── Data records

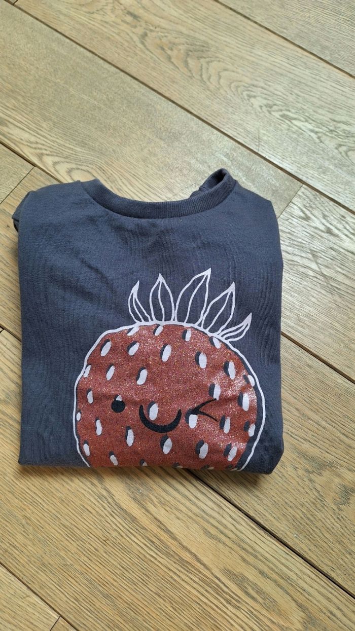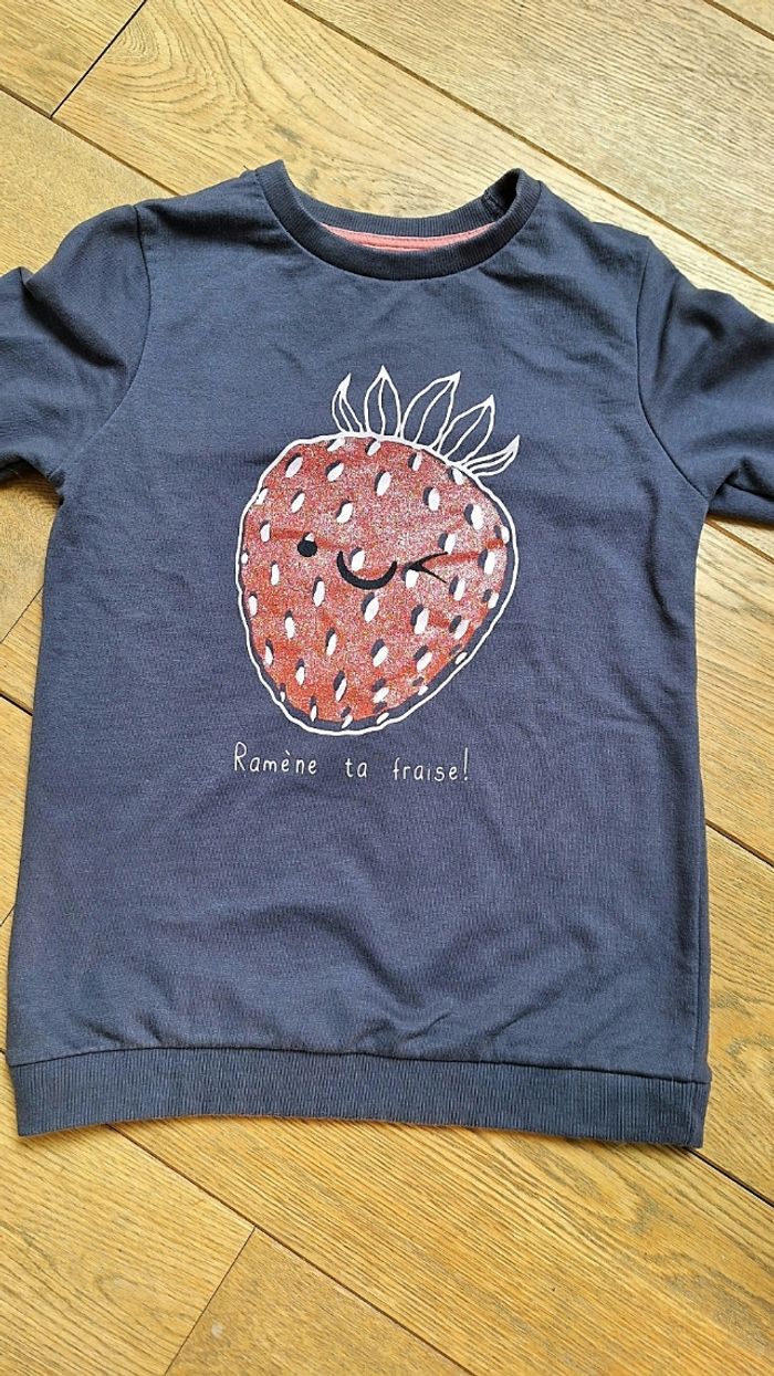 Très beau sweat fraise. Pas.de taille indiquée pour moi du 8 ans.
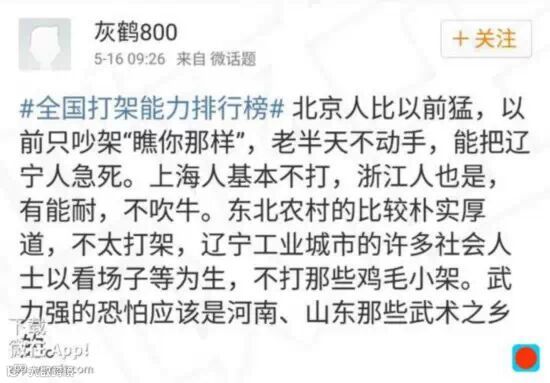 “真没见过河南人打人,不细说”、“四川人看似温柔,内心总是憋着股劲”、“两个北京人打架,带出200个小弟”、“广东单兵作战能力一般”、“甘肃西北狼的称号不是白给的,民风剽悍,下手狠辣,不轻易出手,一出手必见红”。
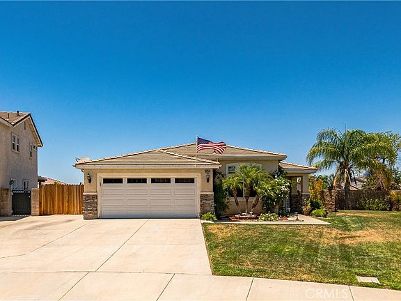 FABULOUS MENIFEE HOME ON A LARGE "POOL SIZED" LOT & SIDE GATED AREA FOR YOUR TOYS! Offers a beautifully upgraded single story with quality & comfort located in the highly desirable Country Meadows Community. This turnkey home features 4 potential Bedrooms (1 currently used as an office & 3 with full closets), 2 Bathrooms & a "bonus" room (fully enclosed patio). Offers high ceilings & light & bright open floor plan with many upgrades to include LVP flooring, new paint, new custom fixtures, new carpet, granite counters, recessed lighting, new ceiling fans, Annke security system with DVR+monitor & 8 cameras (holds up to 16) & water management device (Flo by Moen). Enjoy the spacious living space including living room + dining room combo & family room with fireplace & built ins. The open kitchen has granite counters, stainless appliances & large pantry. Features large, Primary Suite w/walk-in closet, high ceilings & slider leading to the backyard. The Primary BA has tile flooring, dual sinks & large tub-shower. Also, offers a tiled, fully enclosed patio "bonus room" that has 2 access doors leading to the 100% useable .25 ACRE LOT with plenty of room for a pool! The extra large backyard is perfect for anyone wanting to design their own backyard Oasis. It currently includes mature Grapevines, 3 raised flower beds, custom fire pit, gazebo with patio table & chairs, 10' x 12' (appx) shed on concrete foundation, smaller storage shed & 6 seater above ground spa. Offers all this, has low taxes, near local restaurants & shopping & located between the 15 frwy + 215 frwy for easy commuting! Don't miss out on this one!
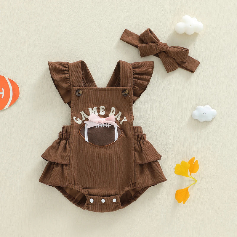 Featuring adorable ruffles and a comfy fit, our sleeveless romper is perfect for your little football fan as it combines cute style with game day spirit. Let your baby girl shine with playful charm while cheering on the team in this fun and stylish outfit.
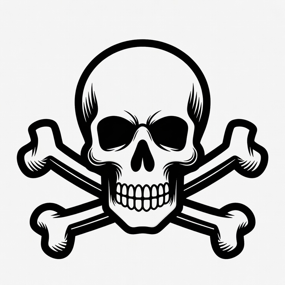 A bold black skull and crossed bones illustration on a white background. The skull features detailed outlines with empty eye sockets and grinning teeth. It is rendered in a classic vector clipart style.
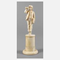 Erbach, um 1900, ungemarkt, Elfenbein fein geschnitzt, mehrteilig montiert, kecker Postbursche mit Tasche und Fanfare, diese sowie im Knöchelbereich alt repariert, auf hohem, zylindrischem Sockel, H 18 cm.
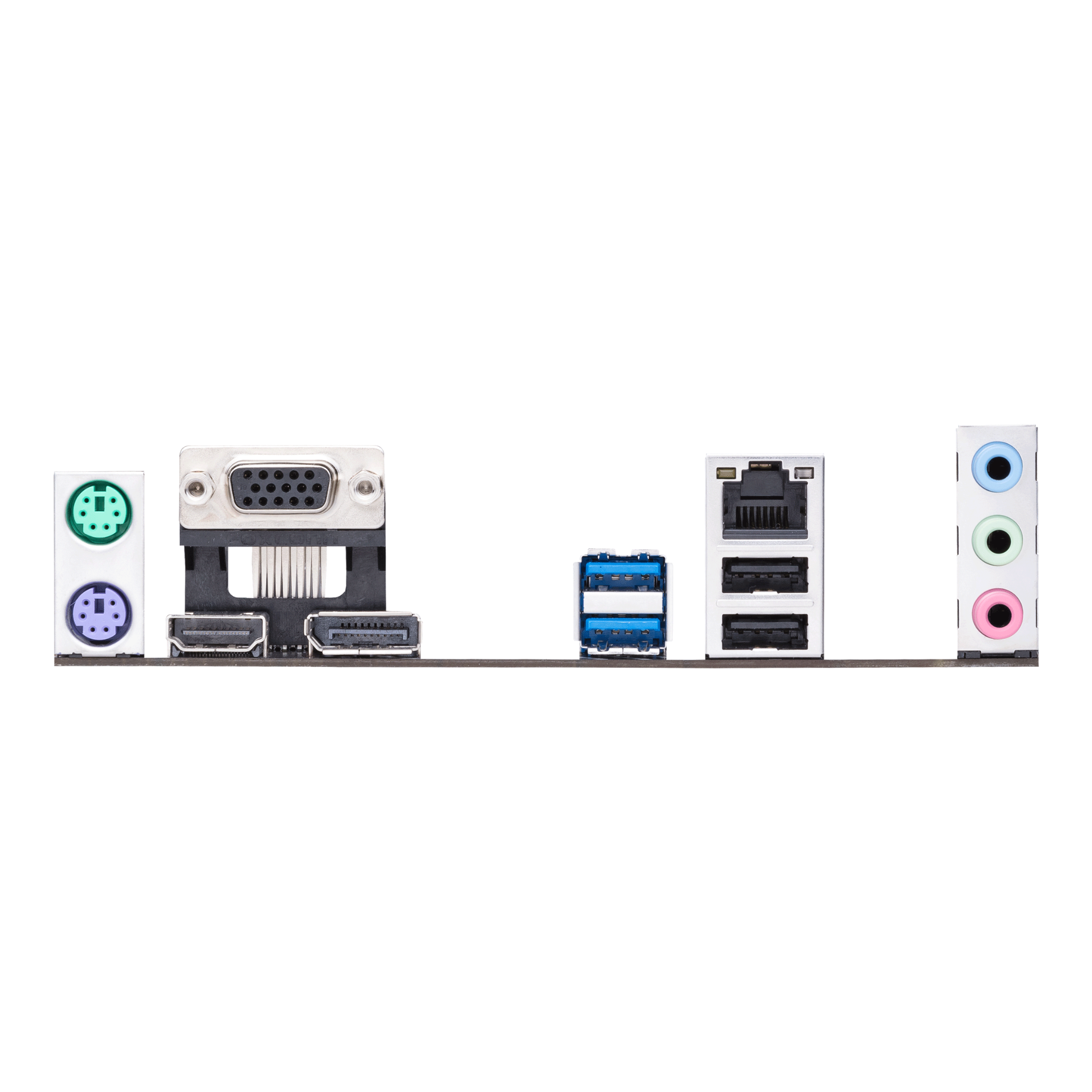 | Back Panel I/O Ports | 2 x USB 3.2 Gen 1 ports (2 x Type-A) 2 x USB 2.0 ports (2 x Type-A) 1 x DisplayPort 1 x D-Sub port 1 x HDMI™ port 1 x Intel® I219-V 1Gb Ethernet port 3 x Audio jacks 1 x PS/2 Keyboard (purple) port 1 x PS/2 Mouse (green) port |
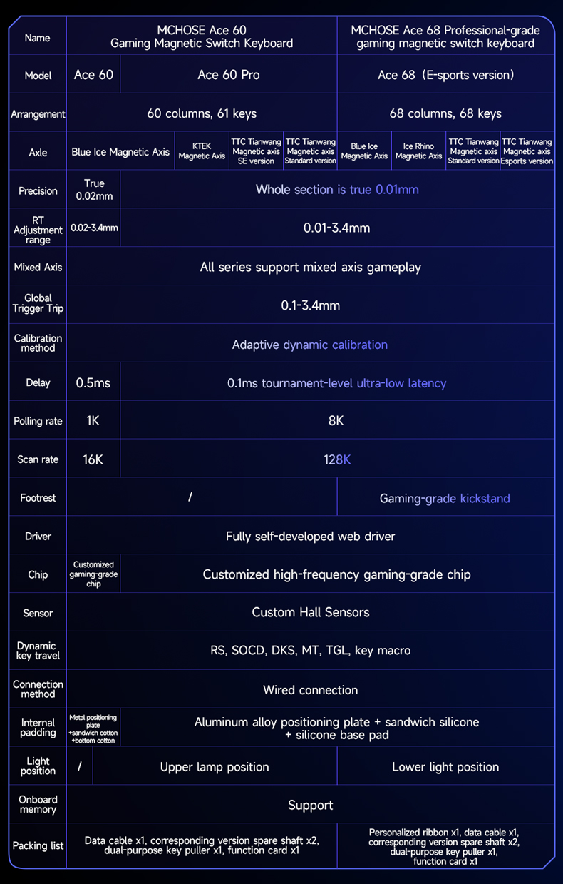 | Tuotteen nimi | MCHOSE Ace 68 Wired Magnetic Switch Mechanical Gaming Keyboard |
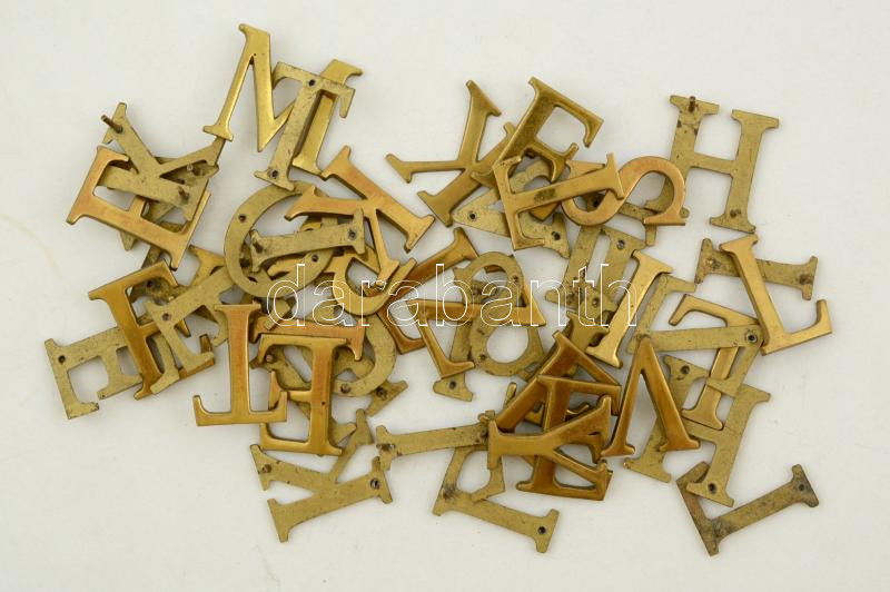 45 db öntött réz betű forma, több ismétlődik, 3 cm
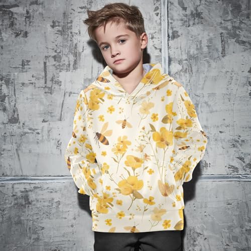KLL Embroidery Bee Butterfly Flowers Watercolor Toddlers and Boys' Sweatshirts Sweater Casual Pullover Hoodie Kangaroo 1
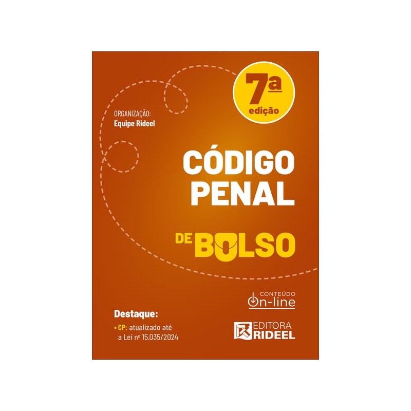 CP: atualizado até a Lei nº 15.035/2024A Editora Rideel, atendendo à necessidade de estudantes e profissionais da área jurídica por obras compactas que permitam a rápida consulta ao texto legislativo plenamente atualizado e com preço acessível, criou a Coleção de Bolso 2025.São livros que trazem a legislação seca em volumes independentes, com formato especial e que você poderá levar para qualquer lugar. A obra proporciona:leitura agradável;notas remissivas elaboradas por especialistas em cada área;diversos facilitadores de consulta (ex.: índice sistemático e detalhado índice alfabético-remissivo).A coleção abrange as principais áreas do Direito e é composta de 8 títulos: Constituição Federal, Código Civil, Código de Processo Civil,Código Penal, Código de Processo Penal, Consolidação das Leis do Trabalho, Código Tributário Nacional e Código de Trânsito Brasileiro.Tradição, qualidade editorial e preço acessível, esta é a Coleção de Bolso da Editora Rideel!

────

• **Required work**
Would you transcribe the lines above exactly, going from the line bearing "(green) port |" through the line bearing "KLL Embroidery Bee", and drop the pictures from the copy?

• **Solution for this task**
 | Back Panel I/O Ports | 2 x USB 3.2 Gen 1 ports (2 x Type-A) 2 x USB 2.0 ports (2 x Type-A) 1 x DisplayPort 1 x D-Sub port 1 x HDMI™ port 1 x Intel® I219-V 1Gb Ethernet port 3 x Audio jacks 1 x PS/2 Keyboard (purple) port 1 x PS/2 Mouse (green) port |
 | Tuotteen nimi | MCHOSE Ace 68 Wired Magnetic Switch Mechanical Gaming Keyboard |
 45 db öntött réz betű forma, több ismétlődik, 3 cm
KLL Embroidery Bee Butterfly Flowers Watercolor Toddlers and Boys' Sweatshirts Sweater Casual Pullover Hoodie Kangaroo 1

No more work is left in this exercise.